--- Records for this task ---
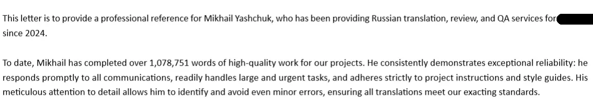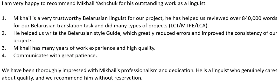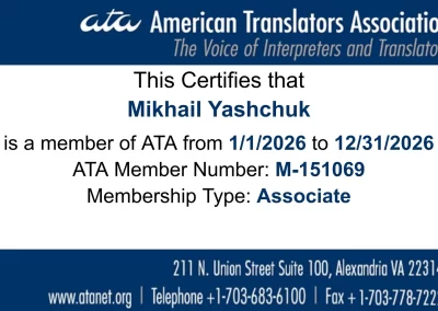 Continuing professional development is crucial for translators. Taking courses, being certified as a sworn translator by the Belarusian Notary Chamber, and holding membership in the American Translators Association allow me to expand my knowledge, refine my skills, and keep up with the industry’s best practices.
---
--- Records for this task ---
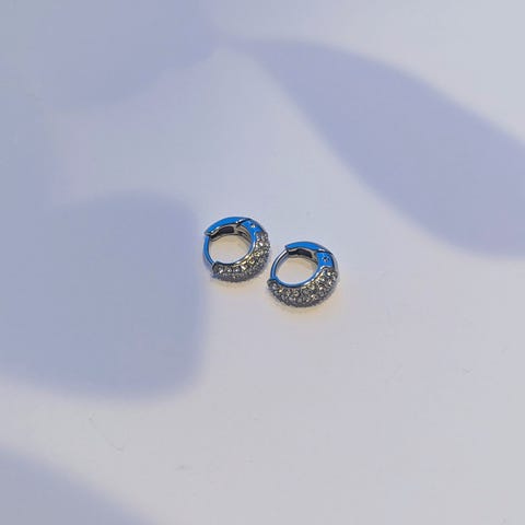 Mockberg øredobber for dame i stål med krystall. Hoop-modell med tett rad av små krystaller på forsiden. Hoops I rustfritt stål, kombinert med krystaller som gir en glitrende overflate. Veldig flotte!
---
--- Records for this task ---
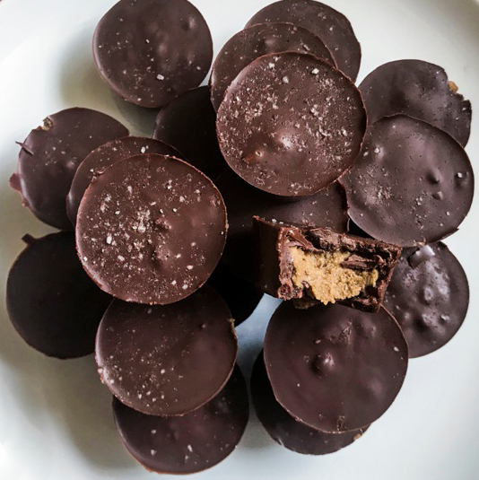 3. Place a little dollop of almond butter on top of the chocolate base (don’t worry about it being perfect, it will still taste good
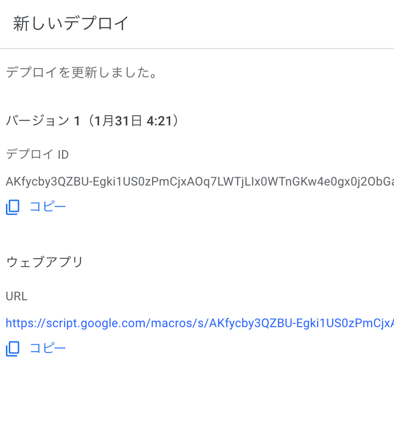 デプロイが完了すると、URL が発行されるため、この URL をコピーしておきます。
---
What you should do – Within the listing above, the lines from the one with "3. Place a little" through the one with "デプロイが完了すると、URL が発行されるため、この URL をコピーしておきます。" are to be given again word for word. Do not include pictures.

Written answer –
 3. Place a little dollop of almond butter on top of the chocolate base (don’t worry about it being perfect, it will still taste good
 デプロイが完了すると、URL が発行されるため、この URL をコピーしておきます。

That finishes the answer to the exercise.